Philadelphia’s Lazaretto
It’s the place people
ask me about the most
The main building of the Philadelphia Lazaretto was designed to impress … inspire public confidence … and handle large numbers of people. It’s now used as the Administration Building for Tinicum Township, Delaware County. Photo by Jim Murphy, author of Real Philly History, Real Fast.
When I present my popular PowerPoint program on “The Amazing Success of William Penn: How he turned a ‘howling wilderness’ into America’s fastest growing city” to area audiences … more people ask me about Philadelphia’s Lazaretto than anything else.
And that’s not surprising.
I was unaware of this intriguing place until 2012, when I did an interview at Fort Mifflin. Elizabeth H. Beatty, then executive director there, asked me if I knew about the Lazaretto. I didn’t, soon visited, and have been back many times since.
So when David Barnes, an associate professor of the history of sociology of science at the University of Pennsylvania, agreed to lead a tour for the Association of Philadelphia Tour Guides in 2024, I jumped at the chance.
Dr. Barnes has been involved with the Lazaretto since about 2006, has written an interesting book on it, and knows every inch of the site. I first met and interviewed him in 2013, and he’s been an invaluable resource ever since.
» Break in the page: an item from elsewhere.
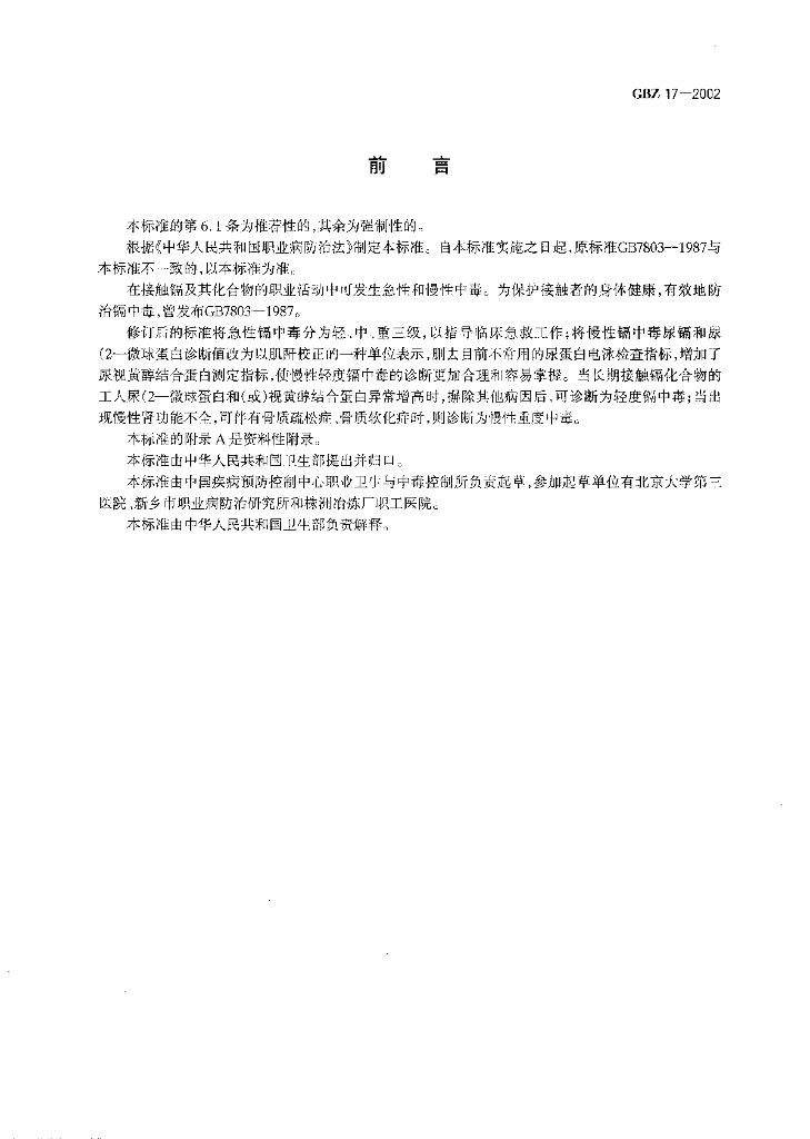 中国疾病预防控制中心职业卫生与中毒控制所、北京大学第三医院、新乡市职业病防治研究所、株洲冶炼厂职工医院
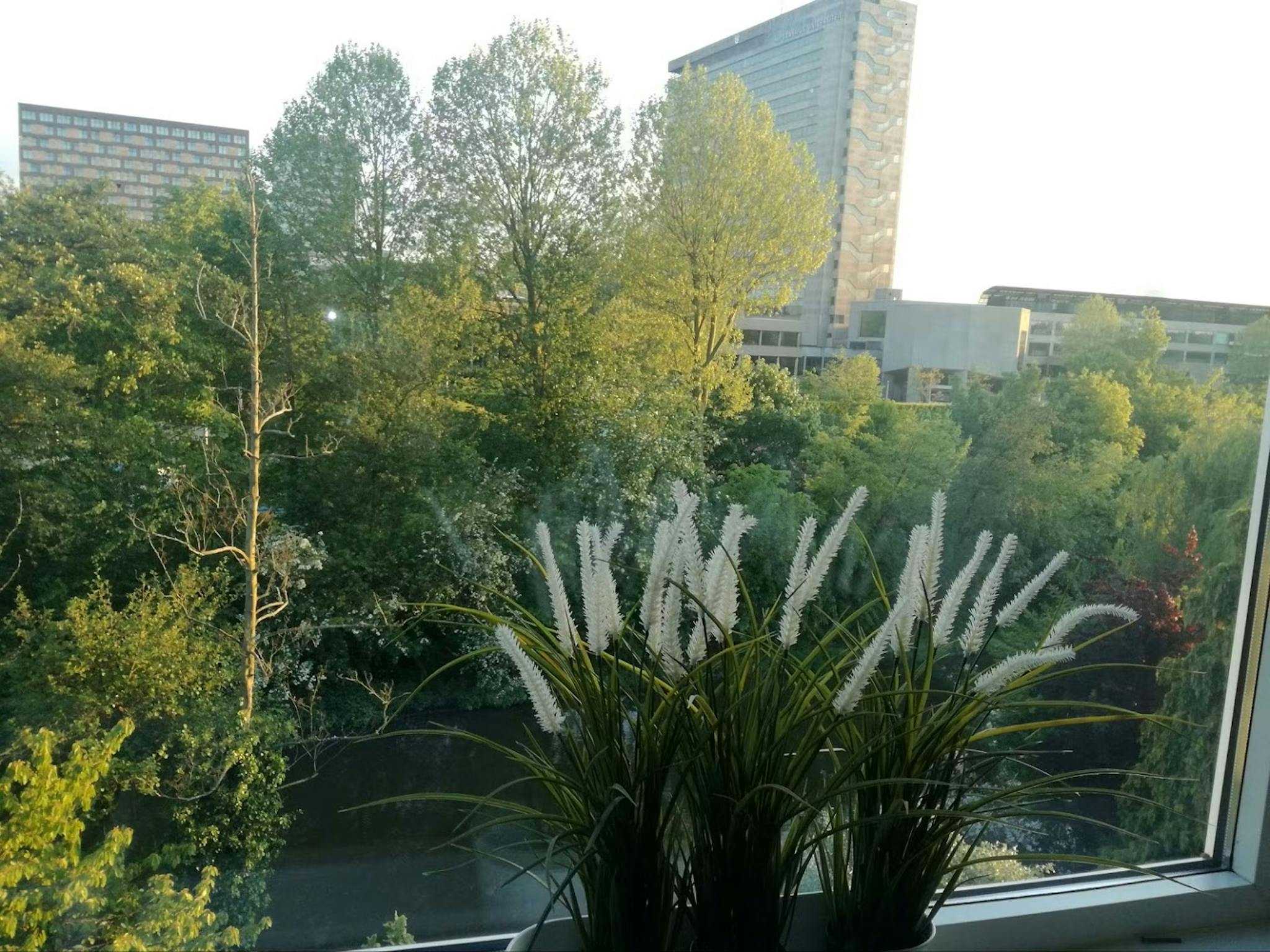 What a wonder, you wake up in the morning sun with the silhouette of Erasmus University. It's literally at the next door to the university, 3 min walk!

These are notes I took on my tour. I made it into Questions & Answers, because I thought this might be easier for readers to follow.
Q: What is a lazaretto?
A: The word is borrowed from the Italian word for “pesthouse” or quarantine ground. The name comes from Lazarus, the beggar covered with sores who became the patron saint of people with leprosy.
It is NOT named for the other Lazarus in the Bible who rose from the dead.
Q: Why is the Lazaretto in Philadelphia?
A: The city created it after suffering a series of terrible yellow fever epidemics in 1793, 1797, 1798 and 1799. Medical experts didn’t know what was causing these outbreaks. But they knew we had to do something to improve our residents’ health.
At first, the city placed a quarantine station at Province Island near Fort Mifflin. But it was too easy to enter and leave there. So, the city of Philadelphia built a large, very secure quarantine station about 10 miles south of the city on 10 acres it purchased in Essington, Tinicum Township, Delaware County. This Lazaretto opened in 1801.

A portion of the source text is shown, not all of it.